DATA SECTION:

____

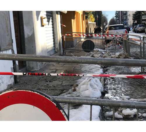 si è distaccata dal tetto di una casa di via Galletti ed è caduta rovinosamente sul marciapiede. Fortunatamente in quel momento nessuno passava lì sotto. l'area è stata transennata.
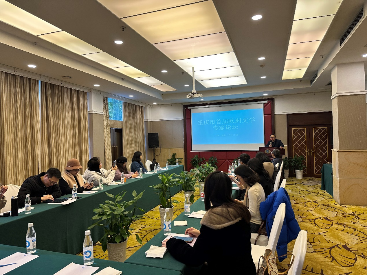李永毅教授领衔的重庆市“欧洲语言文学”专家工作室在海兰云天海琴酒店举行了首届专家论坛。“欧洲语言文学”专家工作室于2023年11月由重庆市人力资源服务授牌成立,是目前重庆外语学科的两个首席专家工作室之一,旨在团结和整合重庆市欧洲语言文学研究的人才,促进中西经典文化的传承与传播。学院欧玲书记、杨小虎副院长、基地主任彭静教授、工作室部分学术委员和成员参加了此次论坛。
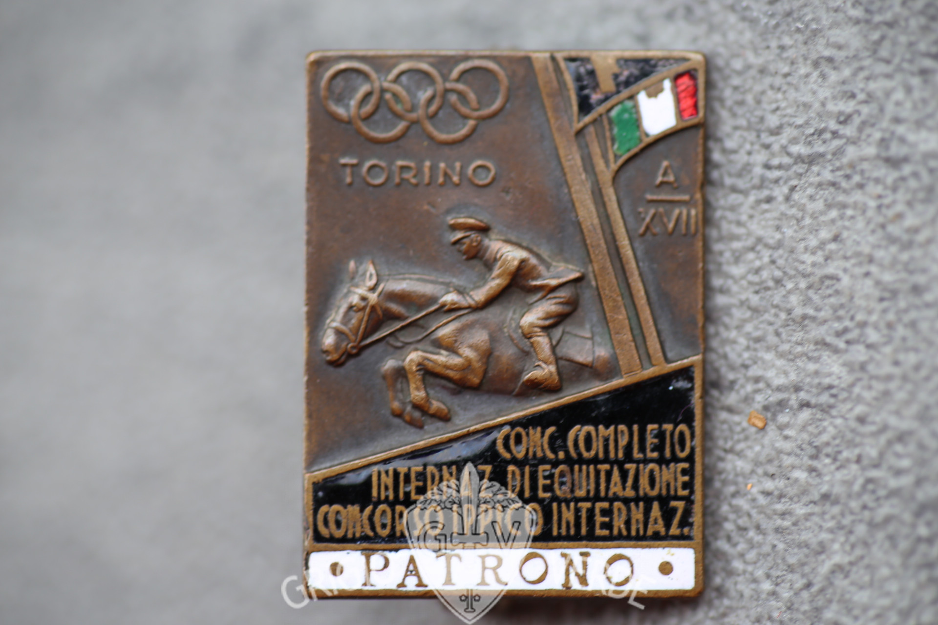Distintivo 1939 Patrono concorso ippico internazionale Torino classe bronzo . Marcato al retro E.Lombardi
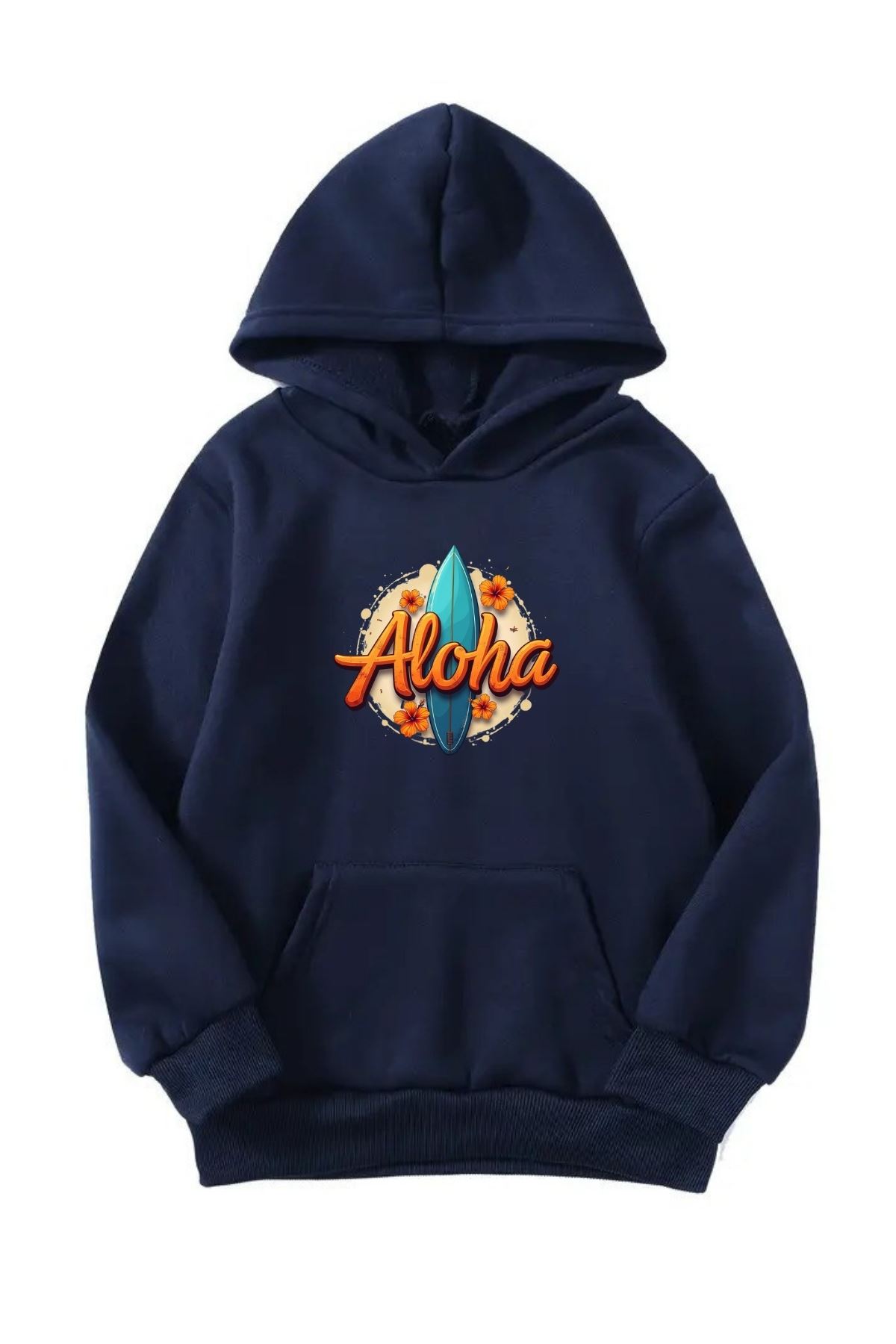 Unisex Oversize Şardonlu Kışlık Aloha Kaykay Baskılı Kapüşonlu Sweatshirt - Lacivert

____

TASK INSTRUCTIONS:
Leaving the pictures aside, repeat the data above exactly.

ANSWER SECTION:
 si è distaccata dal tetto di una casa di via Galletti ed è caduta rovinosamente sul marciapiede. Fortunatamente in quel momento nessuno passava lì sotto. l'area è stata transennata.
李永毅教授领衔的重庆市“欧洲语言文学”专家工作室在海兰云天海琴酒店举行了首届专家论坛。“欧洲语言文学”专家工作室于2023年11月由重庆市人力资源服务授牌成立,是目前重庆外语学科的两个首席专家工作室之一,旨在团结和整合重庆市欧洲语言文学研究的人才,促进中西经典文化的传承与传播。学院欧玲书记、杨小虎副院长、基地主任彭静教授、工作室部分学术委员和成员参加了此次论坛。
Distintivo 1939 Patrono concorso ippico internazionale Torino classe bronzo . Marcato al retro E.Lombardi
 Unisex Oversize Şardonlu Kışlık Aloha Kaykay Baskılı Kapüşonlu Sweatshirt - Lacivert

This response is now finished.